In distinction to the literary terms of event and motif, the use of which is primarily limited to literary texts, a hyleme is intended to describe a transmedial unit of narrative material that can be extracted from different media and is itself "not fixed to a particular medial design or individual language". "Hylemes cannot be postulated deductively, but can only be obtained inductively by extraction from individually available media. Just as phonemes and morphemes only become tangible in the form of certain individual phones and morphemes, hylemes are only tangible in their different media." The process of extracting a sequence of hylemes (hyleme sequence) from a specific medium is referred to as hyleme analysis.

A hyleme as a "minimal state- or action-bearing unit" of a narrative basically comprises a statement that consists of at least one subject and predicate, to which further (direct or indirect) objects and/or determinations can be added. Hylemes are always formulated in the active state, even if the logical agent is unknown: instead of "Prometheus is punished", the hyleme reads "Zeus punishes Prometheus" or "NN punishes Prometheus" (if the agent is unknown).

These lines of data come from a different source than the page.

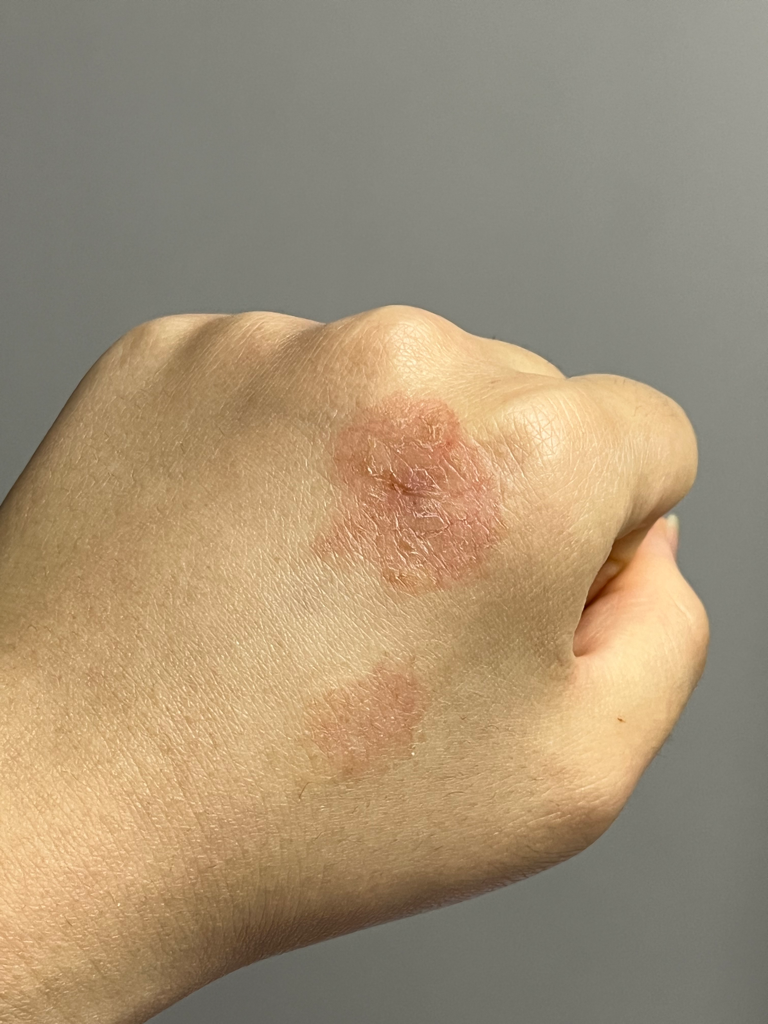 화폐상 습진이나 피부사상균 감영이 생각되는데요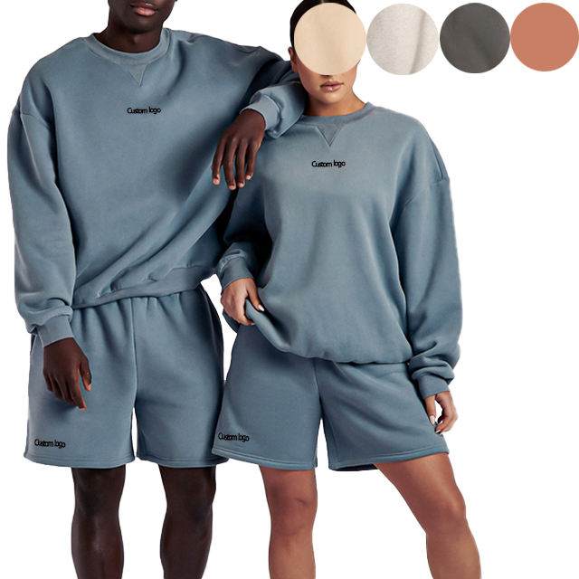 Newest 100% Cotton Fleece Blend Unisex Plain Hooded Oversize Crew Neck Blank Sweatshirt Shorts Set Winter High Street for Men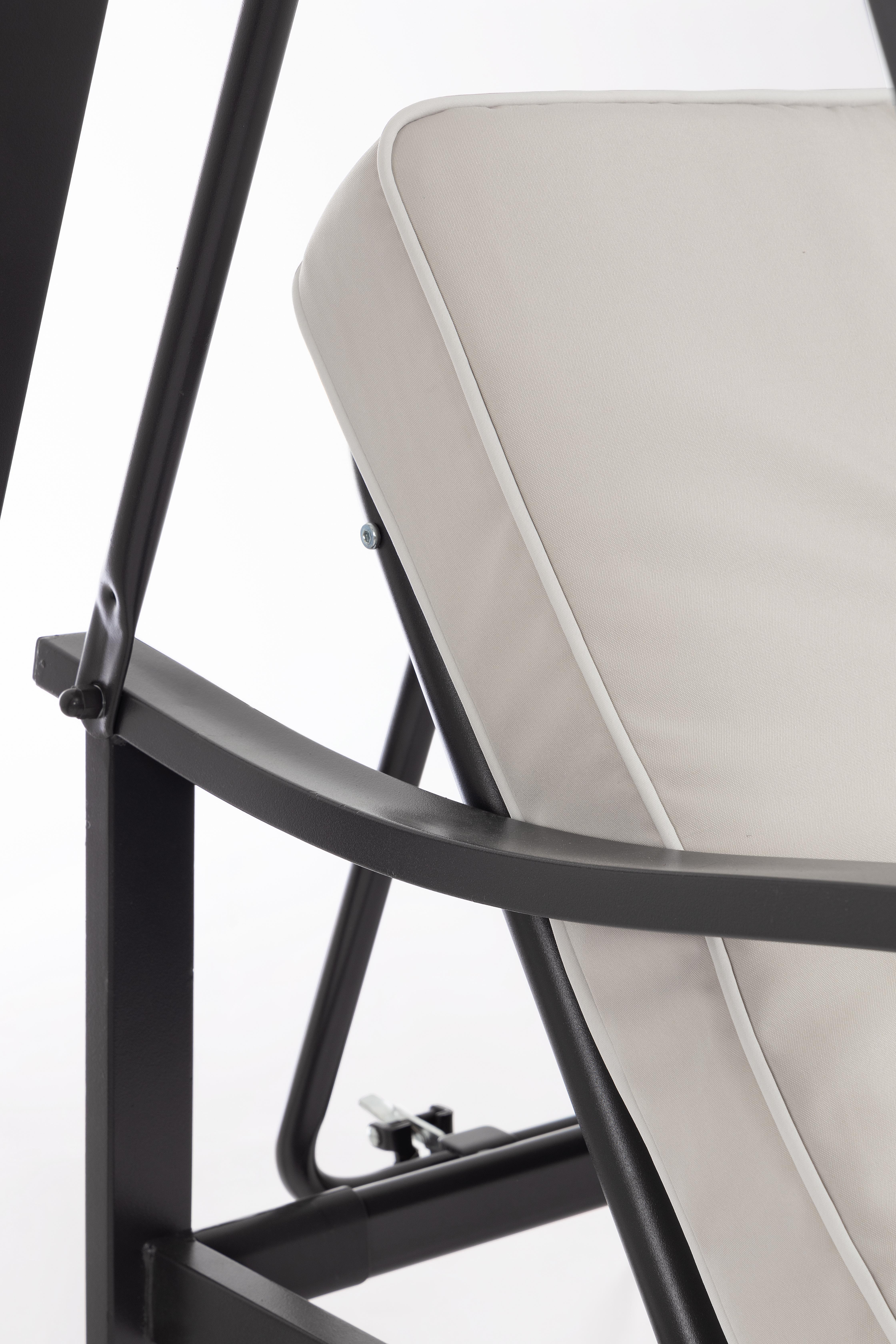 Grazie allo schienale ribaltabile, il dondolo si trasforma facilmente in un pratico letto da esterno:

Hylemes include not only actions in the narrower sense, but also processes and statements about states and characteristics. Zgoll 2019 distinguishes between dynamic ("Zeus kills Erechtheus") and static hylemes ("Zeus is the king of the gods"). This division was revised in later publications in favour of a division into punctual and durative hylemes, the latter being divided into durative-constant (always applies: "Zeus is the son of Kronos. "), durative-initial (applies at the beginning of the plot, but not forever: "Zeus is unmarried") and durative-resultative hylemes (applies only in the course of the plot: "Zeus is the husband of Hera").

== Hyleme analysis ==
In a hyleme analysis, all the information of a given medium – e.g. a text – is reproduced in the standardised form of hylemes. A second step consists of reconstructing the chronological sequence of actions, which not necessarily has to correspond to the sequence of statements in a text, as well as any implicit hylemes that can inevitably be reconstructed.

=== Example ===
A mythical material in the concretion of a text can read as follows:"When Chryse, the daughter of Pallas, was married to Dardanos, she brought with her as a dowry gifts from Athena, namely the sanctuaries of the great gods."The following hylemes can be extracted from this statement:

- Chryse is the daughter of Pallas
- Athena gives Chryse the sanctuaries of the great gods
- Chryse brings the sanctuaries of the great gods to the wedding as a dowry
- Dardanos marries Chryse

Here, the first statement "Chryse is the daughter of Pallas" is a static or durative-constant hyleme, while the others are dynamic/punctual hylemes. In a further step, the implicit durative-resultative hylemes "Chryse and Dardanos are (now) married" and "Chyrse is (now) the wife of Dardanos"/"Dardanos is (now) the husband of Chryse" could also be reconstructed from the given hyleme sequence. The reconstruction of implicit hylemes, which logically follow from the given hyleme sequence but are not explicitly mentioned in the text, can promise further insights, but their scope must be weighed up depending on the individual case.

=== Use ===
Hyleme analysis is a methodological tool for extracting the material (i.e. the pure content) from a medium (e.g. a literary text or an image) and making it visible in a standardised way. This enables further investigations and insights, especially in the case of mythical hyleme sequences:

- Reconstruction of the logical sequence of events in a complexly formulated text
- Reconstruction of the events in a narrative that has only been narrated in extracts or fragments
- Comparison of different narrative materials (e.g. Greek Typhon and Hittite Illuyanka myths) or variants (e.g. Zeus' battle against Typhon in Hesiod and Apollodorus) or different media concretisations of the same material (e.g. epic Iliad and movie Troy)
- Recognising logical inconsistencies that can be indicators of stratification of a narrative (not: of a text!)